── SOURCE MATERIAL

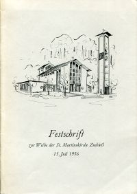 Festschrift zur Weihe der S[ank]t Martinskirche, Zuchwil. 15. Juli 1956. Zuchwil: Katholische Kirchgemeinde 1956. Gr.-8°. 39 S., sw-Abbildungen, Geheftet (gut erhalten)
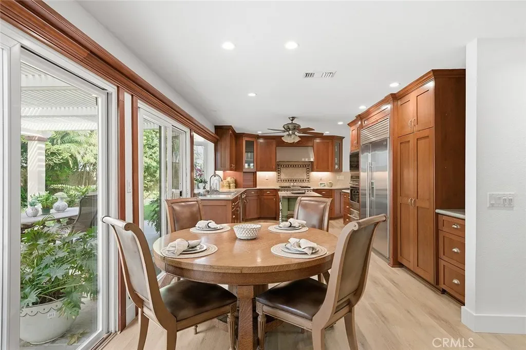 The main home has been thoughtfully upgraded throughout, showcasing newer luxury vinyl flooring, custom paint, recessed lighting, a 200-amp electrical panel, and solar with a low fixed monthly cost. The chef’s kitchen is both functional and impressive, featuring a Wolf range, additional Wolf oven and microwave combo, Sub-Zero refrigerator, under-cabinet lighting, and seamless flow into the family room with custom built-ins.
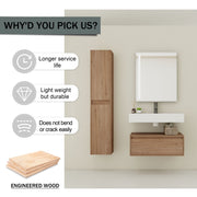 - Easy Installation: Vanity base pre-assembled; requires wall mounting and sink installation.
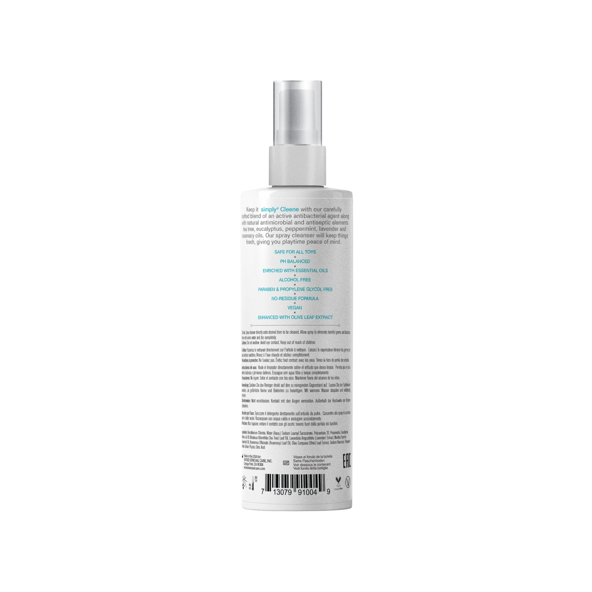 Keep your adult toys clean with simply® Cleene Antibacterial Toy Cleaner. Enhanced with natural lavender and olive leaf extracts to boost antibacterial effectiveness, fragrance-free simply® Cleene is easy to use in a convenient spray bottle, and gives you playtime peace of mind.
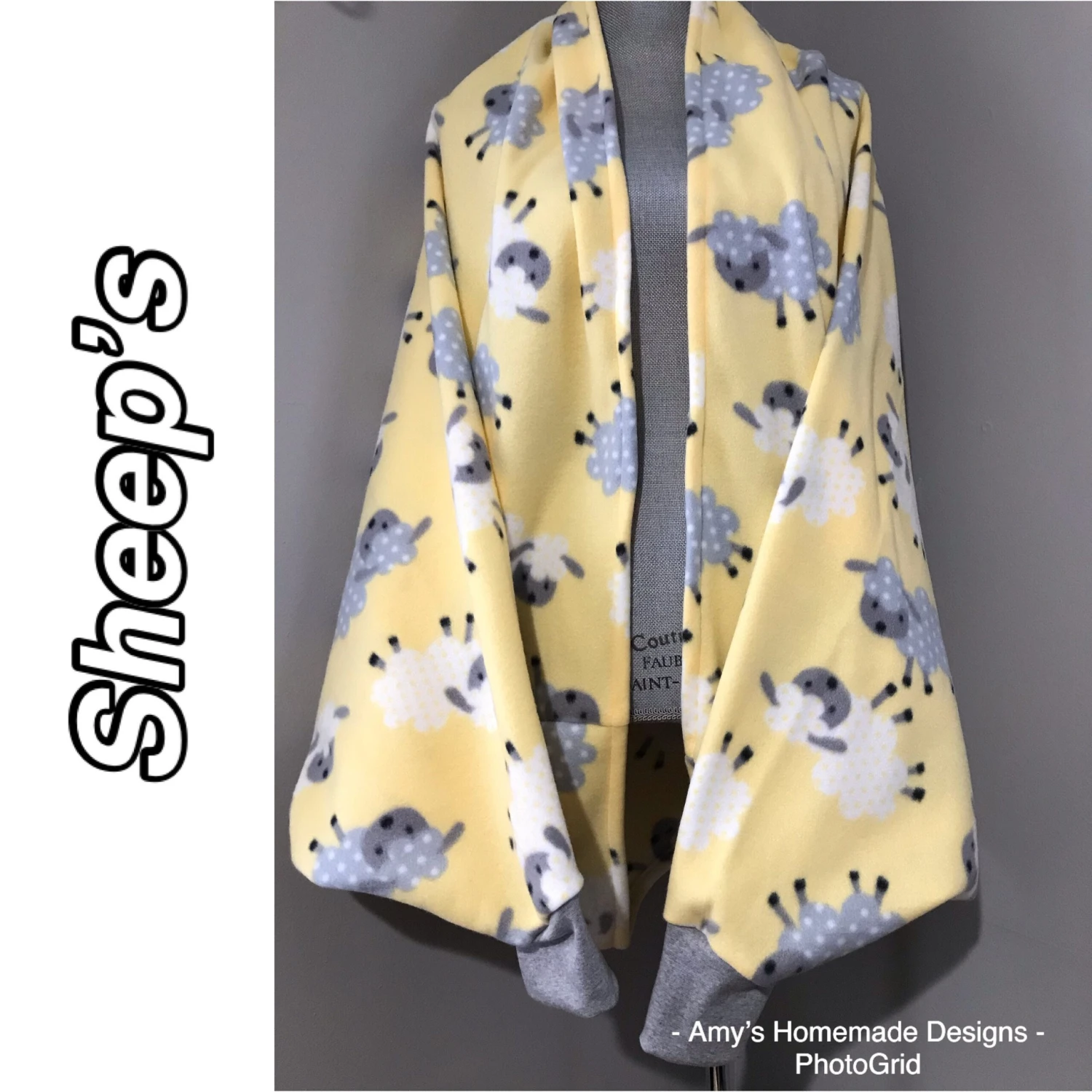 Light weight Fleece Shawl with cocoon style Sleeves with cuffs.

────

• WHAT TO PRODUCE: Your reply should hold only the lines running from the one with "Keep your adult" to the end of the data above, set down exactly, pictures omitted.

• RESPONSE BOX:
 Keep your adult toys clean with simply® Cleene Antibacterial Toy Cleaner. Enhanced with natural lavender and olive leaf extracts to boost antibacterial effectiveness, fragrance-free simply® Cleene is easy to use in a convenient spray bottle, and gives you playtime peace of mind.
 Light weight Fleece Shawl with cocoon style Sleeves with cuffs.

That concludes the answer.